Go through the data below. List every line that holds the word "Zaillian".

Input data -
▽

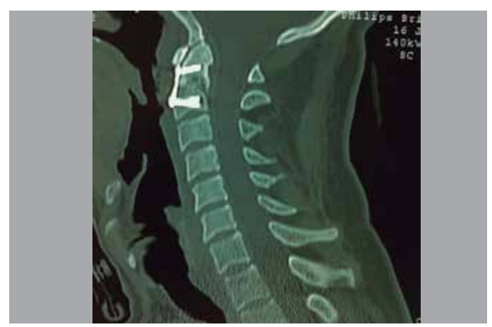
Figure 4. Sagittal CT scan showing fracture osteosynthesis, graft positioned between the odontoid process and body C2 and good cervical alignment.
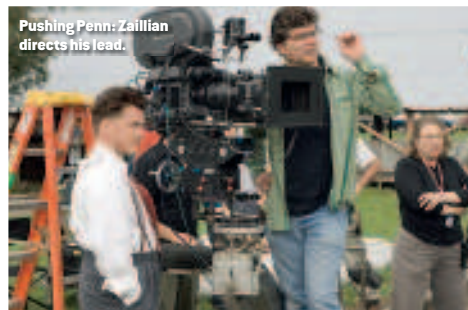
Pushing Penn: Zaillian directs his lead.

Zaillian packs plenty of thespian insulation around Penn's Oscar bid, with Jude Law as Stark's jaded right-hand man; James Gandolfini as a corridor-of-power crony; Patricia Clarkson as his acerbic aide-de-camp (and occasional bedmate);

△

Completed task -
Pushing Penn: Zaillian directs his lead.
Zaillian packs plenty of thespian insulation around Penn's Oscar bid, with Jude Law as Stark's jaded right-hand man; James Gandolfini as a corridor-of-power crony; Patricia Clarkson as his acerbic aide-de-camp (and occasional bedmate);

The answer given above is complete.